Now, however, with stock market returns minimal, an overhang of real estate in the region and some projects on hold or underwater, insurers can no longer count on investment accounts to provide profitable returns. So, as with many insurers across the globe, in 2013 Bahraini insurers will be increasingly focused on risk-based underwriting.
There are also discussions regarding the possibility of consolidation in the sector. Across the Bahraini financial services landscape there is a conviction that consolidation into a smaller number of larger companies would be beneficial for all involved. However, the barriers to consolidation have proven formidable in the past. A common refrain about Bahrain and the wider GCC region is that mergers are a bad cultural fit because, when two parties agree to combine forces, there is a tendency to perceive the buyer as having won the negotiation and the seller as having lost it. Another factor is that ownership structures tend to lack the large numbers of influential minority shareholders, who sometimes can push the controlling owner into a merger or acquisition. Although consolidation has been talked about for years, the buoyant economy has not left any companies in a truly dire situation that would mandate the need to sell. As the region is flush with capital, many insurance company owners can afford to wait out the current conditions in anticipation of better times and bigger profits.
For Bahrain the big boost the market is waiting for is the law mandating medical insurance. This has been on the table for several years, and is expected to become a law at some point in the short to medium term. This has the capacity to provide a new and lucrative line of business for insurers. As of early 2013 the expectation was that Bahrain’s government would wait until all stakeholders – hospitals, insurers, doctors and medical professionals, and others – had had ample time to prepare for the change and the surge in demand that will come with it.

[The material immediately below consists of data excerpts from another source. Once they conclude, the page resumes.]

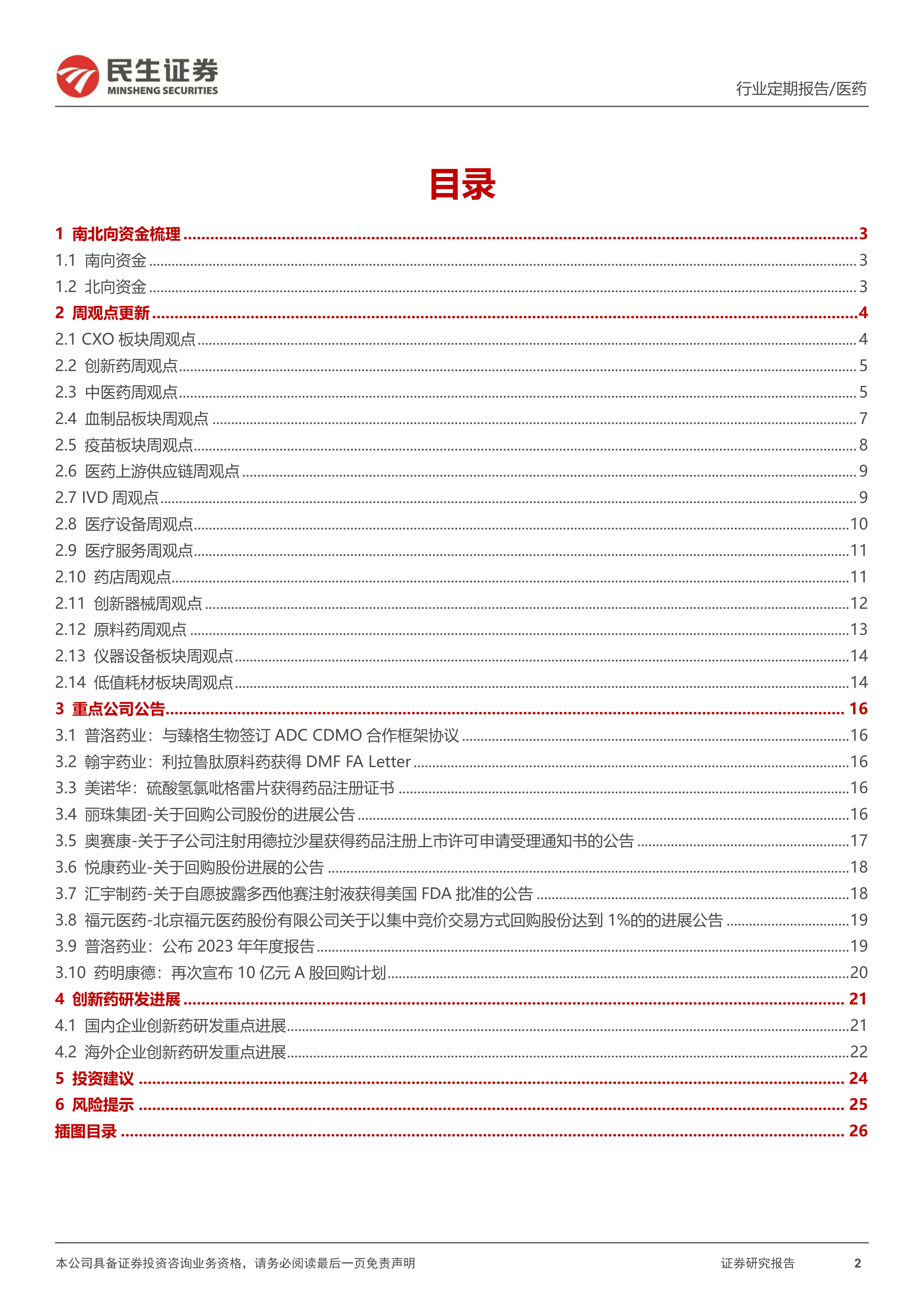 本报告涵盖了医药行业多个细分领域,并对南北向资金流向进行了梳理,内容详实,数据丰富。
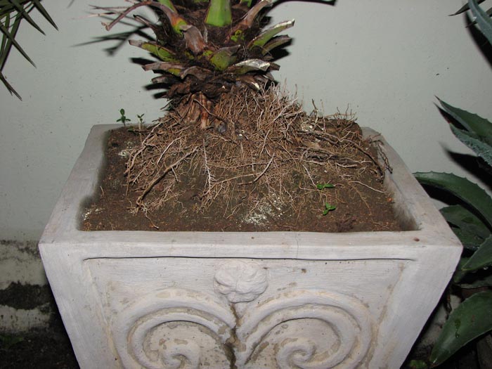 After getting the palm back home  (Virginia Beach, Virginia) we discovered that the palm is badly root bound (2/3 of the pot is dirt w/roots, the last 1/3 being just roots growing in a circle around the pot) with an empty spot in the middle.
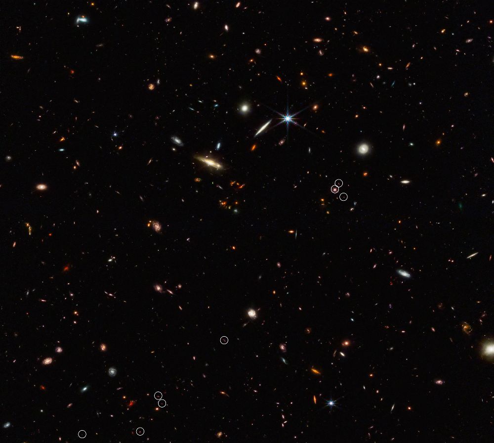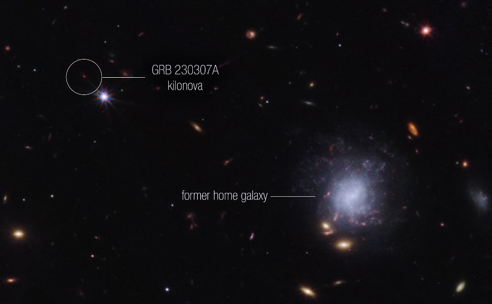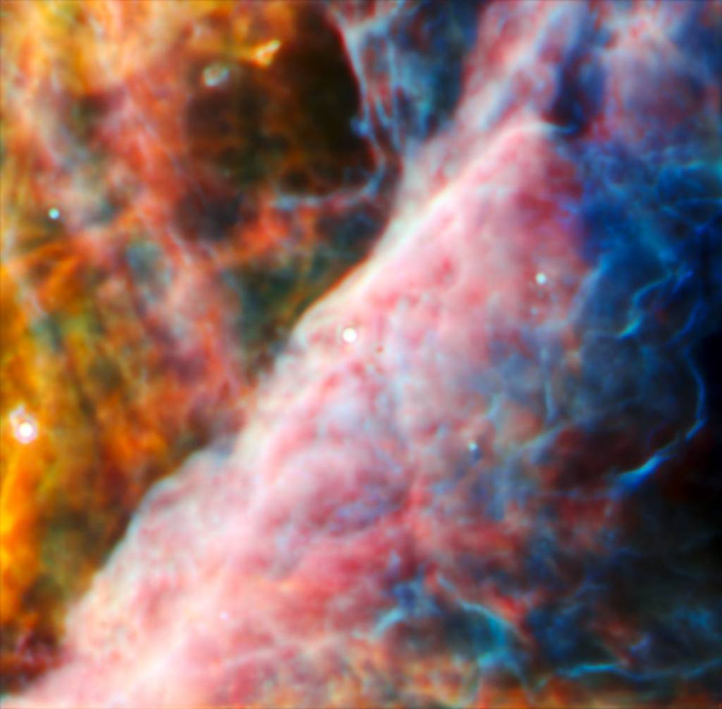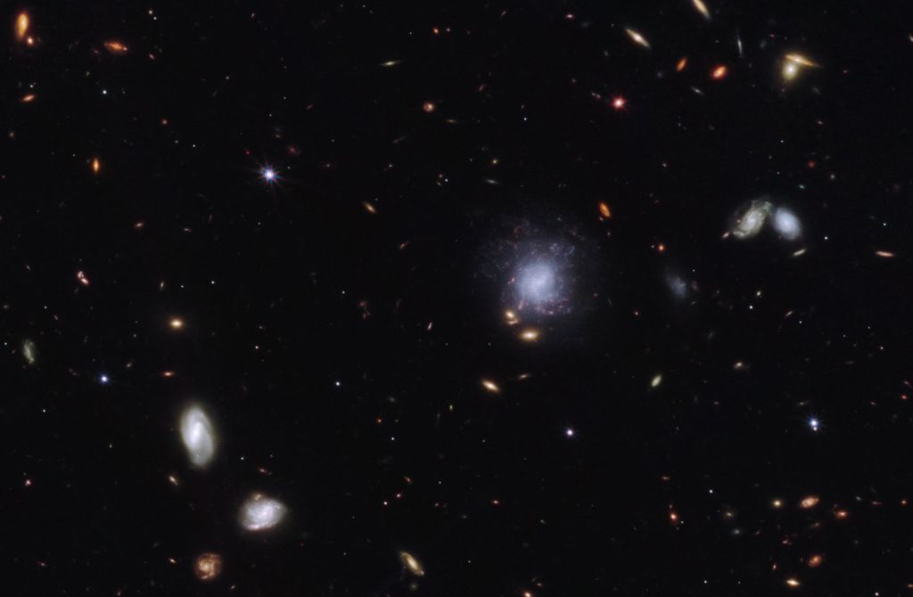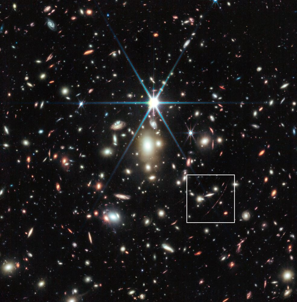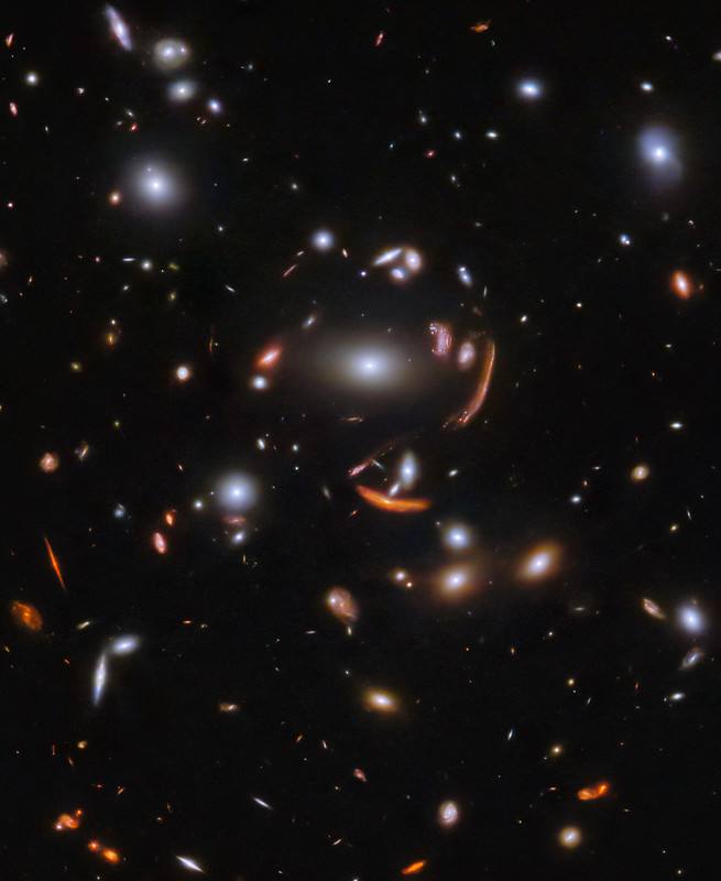 The vast galaxy cluster SDSS J1226+2152 in the constellation Coma Berenices is distorting the images of distant background galaxies into streaks and smears of light in this image from the NASA/ESA/CSA James Webb Space Telescope. This is a spectacular example of gravitational lensing, a phenomenon which occurs when a massive celestial object such as a galaxy cluster deforms spacetime and causes the path of light from more distant galaxies to be deflected, almost as if a monumental lens was redirecting it. This image is from a set of early science observations with Webb. One of the most notable lensed galaxies in this rich field is named SGAS J12265.3+215220. In this image, it’s the innermost lensed galaxy, just above and to the right of the central galaxy. This lies far beyond the foreground cluster in distance, giving us a view into the galaxy roughly two billion years after the big bang. Astronomers are now using this eagerly-awaited hoard of bright, gravitationally-lensed galaxies from Webb to explore star formation in distant galaxies. Just like their optical namesakes, gravitational lenses can magnify as well as distort distant galaxies. This allows astronomers to observe the finer details of galaxies that would usually be too distant to clearly resolve. In the case of SGAS J122651.3+215220, the combination of gravitational lensing and Webb???s unprecedented observational capabilities will allow astronomers to measure where, and how fast, stars are forming and also to gain an insight into the environments which support star formation in lensed galaxies. Amid this spectacular display of gravitational lensing, a menagerie of spiral and elliptical galaxies in all shapes and sizes surround the galaxy cluster. Webb???s sensitive infrared instruments have proven prodigious in picking out distant galaxies from the darkness of space. None of the tiny pinpricks in the patch of sky captured here is a star: each one is a galaxy. The variety of colours of the small, dim galaxies gives us hints at what we are seeing: many of the paler white galaxies will date back to the period of intense star formation known as cosmic noon, some two to three billion years after the big bang, while the few small orange and red systems are probably from even earlier in the Universe’s history. [Image Description: A cluster of galaxies. Most of the visible galaxies are oval-shaped and smooth. A few have spiral arms in various orientations. The largest galaxy is directly in the centre, and close by it are several images of background galaxies, stretched and warped into long arcs by gravitational lensing. The background is black and contains many very small galaxies, but no stars.]Links Pan of galaxy cluster SDSS J1226+2152This new Picture of the Month from the NASA/ESA/CSA James Webb Space Telescope reveals intricate details of the Herbig Haro object 797 (HH 797). Herbig-Haro objects are luminous regions surrounding newborn stars (known as protostars), and are formed when stellar winds or jets of gas spewing from these newborn stars form shockwaves colliding with nearby gas and dust at high speeds. HH 797, which dominates the lower half of this image, is located close to the young open star cluster IC 348, which is located near the eastern edge of the Perseus dark cloud complex. The bright infrared objects in the upper portion of the image are thought to host two further protostars. This image was captured with Webb???s Near-InfraRed Camera (NIRCam). Infrared imaging is powerful in studying newborn stars and their outflows, because the youngest stars are invariably still embedded within the gas and dust from which they are formed. The infrared emission of the star???s outflows penetrates the obscuring gas and dust, making Herbig-Haro objects ideal for observation with Webb???s sensitive infrared instruments. Molecules excited by the turbulent conditions, including molecular hydrogen and carbon monoxide, emit infrared light that Webb can collect to visualise the structure of the outflows. NIRCam is particularly good at observing the hot (thousands of degree Celsius) molecules that are excited as a result of shocks. Using ground-based observations, researchers have previously found that for cold molecular gas associated with HH 797, most of the red-shifted gas (moving away from us) is found to the south (bottom right), while the blue-shifted gas (moving towards us) is to the north (bottom left). A gradient was also found across the outflow, such that at a given distance from the young central star, the velocity of the gas near the eastern edge of the jet is more red-shifted than that of the gas on the western edge. Astronomers in the past thought this was due to the outflow???s rotation. In this higher resolution Webb image, however, we can see that what was thought to be one outflow is in fact made up of two almost parallel outflows with their own separate series of shocks (which explains the velocity asymmetries). The source, located in the small dark region (bottom right of centre), and already known from previous observations, is therefore not a single but a double star. Each star is producing its own dramatic outflow. Other outflows are also seen in this image, including one from the protostar in the top right of centre along with its illuminated cavity walls. HH 797 resides directly north of HH 211 (separated by approximately 30 arcseconds), which was the feature of a Webb image release in September 2023. [Image Description: In the lower half of the image is a narrow, horizontal nebula that stretches from edge to edge. It is brightly coloured with more variety on its right side. In the upper half there is a glowing point with multi-coloured light radiating from it in all directions. A bright star with long diffraction spikes lies along the right edge, and a few smaller stars are spread around. The background is covered in a thin haze.] Links Video:??Pan of HH 797Streaks of light and bright arcs betray the pre
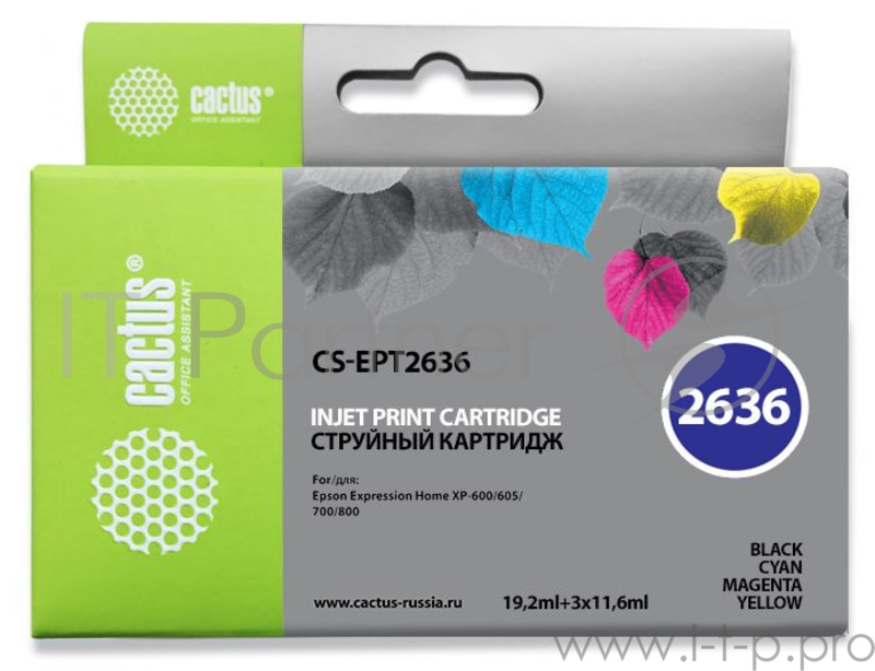 Картридж струйный Cactus CS-EPT2636 черный/голубой/пурпурный/желтый набор карт. для Epson Expression
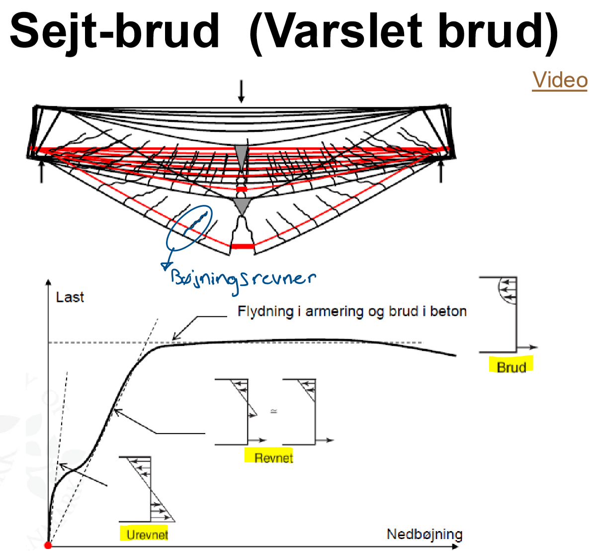 Forklar de forskellige stadier for sejt-brud (varslet brud) i en “arbejdslinje” for armeret beton
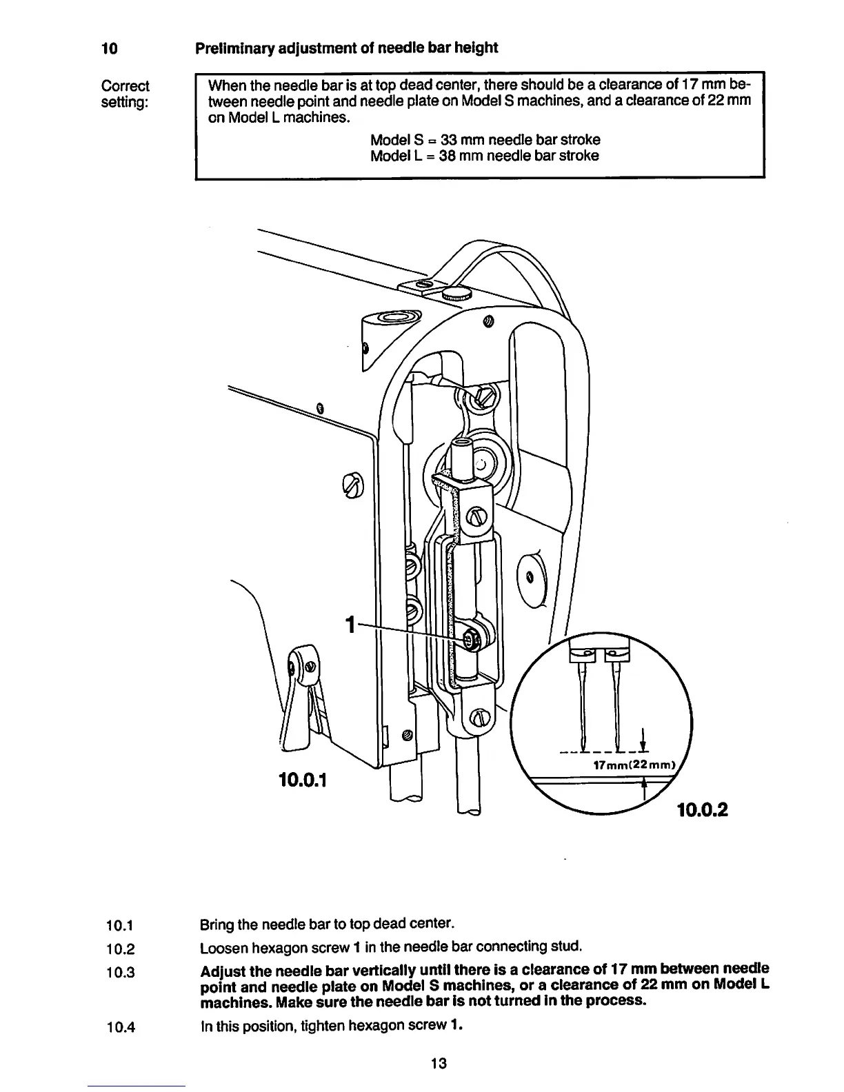 10.2 Loosen hexagon screw 1 inthe needle bar connecting stud.
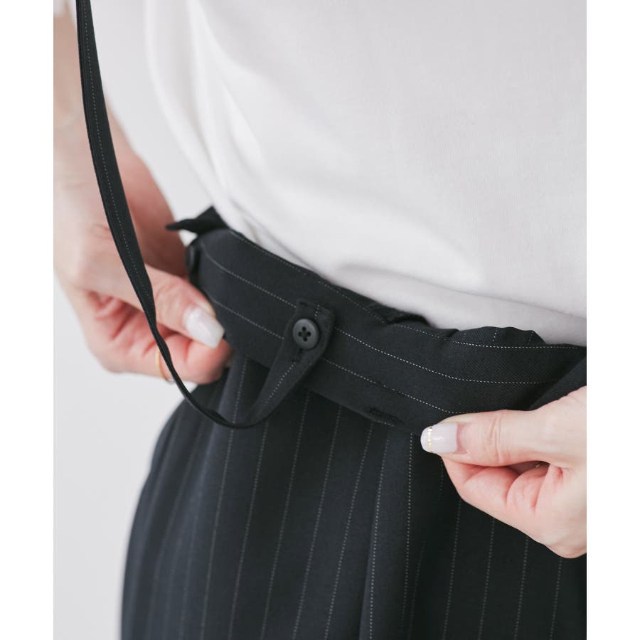 ※ウエストベルトの内側にウエストサイズを調整できるタブ付き。サスペンダーをつけずに着用する際ウエストに合わせ、調整できる仕様です。
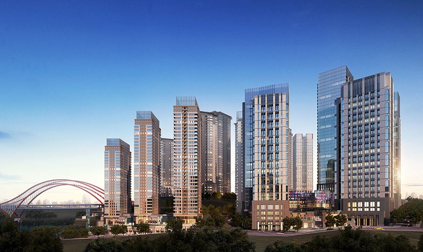 星耀天地項目位于重慶市江北區(qū)北濱二路,包括2棟高層辦公樓,3棟高層住宅及7棟多層辦公樓及商業(yè)和車庫,總建筑面積約230000㎡,為現澆框架剪力墻結構,最高建筑高度為99.4米。
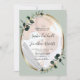 Eucalyptus Sage Photo Overlay Gold Metallic Oval Wedding Invitation... Our eucalyptus photo wedding invitation features a gold metallic oval frame embellished with emerald-hued eucalyptus leaves bordering a photo of the bride and groom on a light sage green background. Your photo will be placed on a layer underneath a white transparency to "fade" the colours somewhat so the text on top is readable. All example text can be easily revised with your own information on the personalization template. Part of a wedding suite with coordinating accessories in the same eucalyptus sage theme.
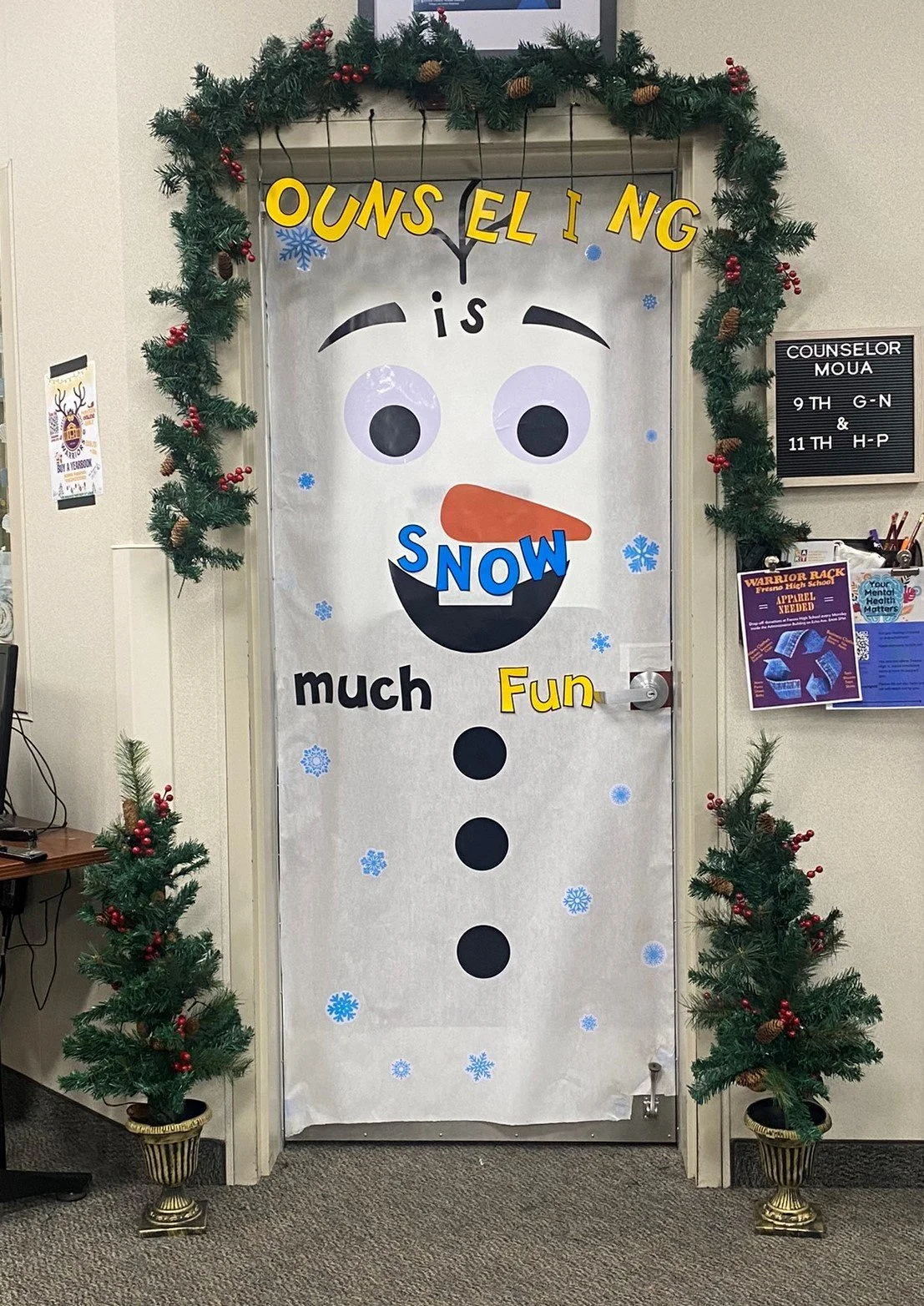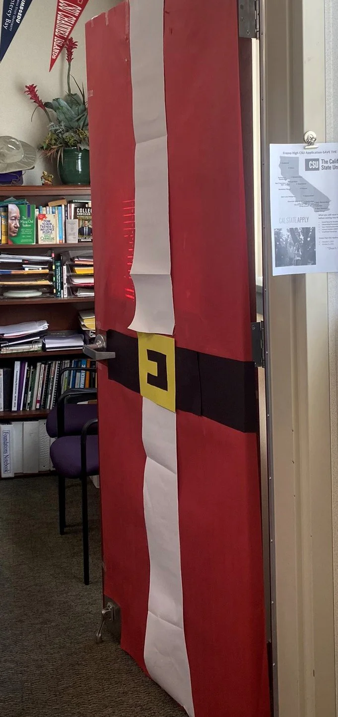 The Fresno High 2021 Door Decorating Contest was announced on November 11 and ended on December 15. Judging took place on December 15. Mrs. Melissa Bangerter (Mama B) oversaw this event. Many staff participated this year, like the counselors, attendance staff, and VPs. Fifth period teachers and their students were the primary focus. Multiple classes worked hard on their doors in the hope of winning the contest.

Until then, should any insurers wish to merge, Bahraini banks are in the process of proving it can be done despite the obstacles. Perhaps because banks lack a huge potential new market to tap into in the coming years, as insurers do with medical insurance, several high-profile mergers in that sector have been completed recently. Some guidelines are emerging for how this potentially adversarial process can be conducted in a different way, and to ensure decisions are based on the interests of shareholders. Some successful strategies have included looking for consolidation pairs in which companies have complementary lines of business, and at least one side with a highly diversified shareholder structure. The existence of common shareholders between the two companies is also an indicator of a potential match.
OUTLOOK: As of early 2012 market participants were focused on regulatory developments such as increased restrictions on non-traditional distribution channels. For the future, however, Bahraini insurers remain intent on building capacity in risk management, gaining market share and preparing for growth opportunities such as medical insurance and broad-based economic growth. These future catalysts are likely to push off serious talks of consolidation, but instead push hopes high for a wave of growth opportunities to come.